Multicast Wombat LBM Tests
The tests required a multicast-capable network with servers connected as trunk ports for multi-VLAN access. Servers were required to process one million messages per second with 100 multicast groups
Multicast Wombat LBM Test Results
Two publishers were used to send multicast data to a single subscriber. Test results with data feeds using 500-byte packets achieved one million messages per second at the subscriber. Levels above one million messages were tested but were unachievable due to both hardware limitations and the lack of stateful offload within the Myricom Myri10GE adapter at the subscriber.
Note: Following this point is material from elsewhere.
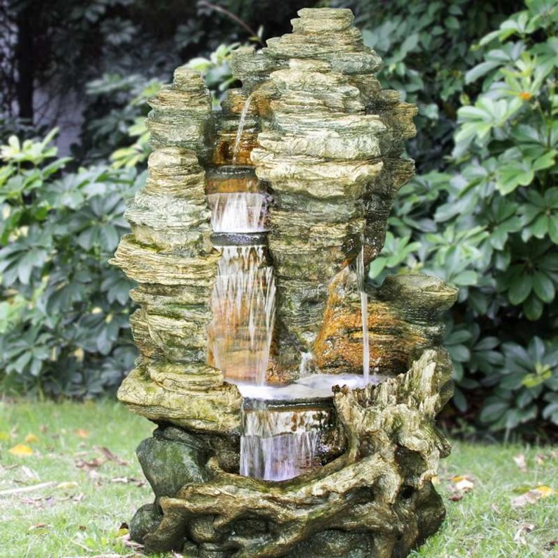 Matériau léger et résistant au temps, d'une installation facile muni de son propre réservoir d'eau et livré avec une pompe de grande capacité 6000 l/h pour un jeu d'eau puissant.

The Cisco Nexus 5020 easily handled the multicast levels with zero datagram loss.
Much has been done to improve application performance with higher speed systems, but as message rates and data sizes have increased, Gigabit Ethernet has become an inhibitor to achieving optimal performance. For market data, Gigabit Ethernet impedes performance during increased pricing update spikes due to the bandwidth limitations, switching and buffering architectures, and host side ability to drain data as fast as it is received.
For data delivery, time to deliver data to the processors is becoming more and more critical, and in many application environments it is the largest inhibitor to reducing wall clock or run times of the application. The options to change this are to either to linearly scale the data delivery mechanisms to increase concurrent session levels, but this does not necessarily reduce the time to deliver data, as the host connectivity using Gigabit Ethernet will still be a limiting factor.
10 Gigabit Ethernet will provide a delivery mechanism to benefit multicast and unicast traffic with a higher level of available bandwidth, which eliminates the hard performance walls of Gigabit Ethernet and through a reduction in latency for both message passing and data delivery.
The Nexus 5000 series of switches, with up to 52 ports of non-blocking, line rate 10 Gigabit Ethernet, is the optimal choice for these environments as it provides a high performance, low latency switching technology for host and storage connectivity. In addition to the low latency performance comes deterministic performance for port-to-port latency levels of no more than 3.2 microseconds and message-to-message (packet-to-packet) latency variations, or jitter, of less than 100 nanoseconds.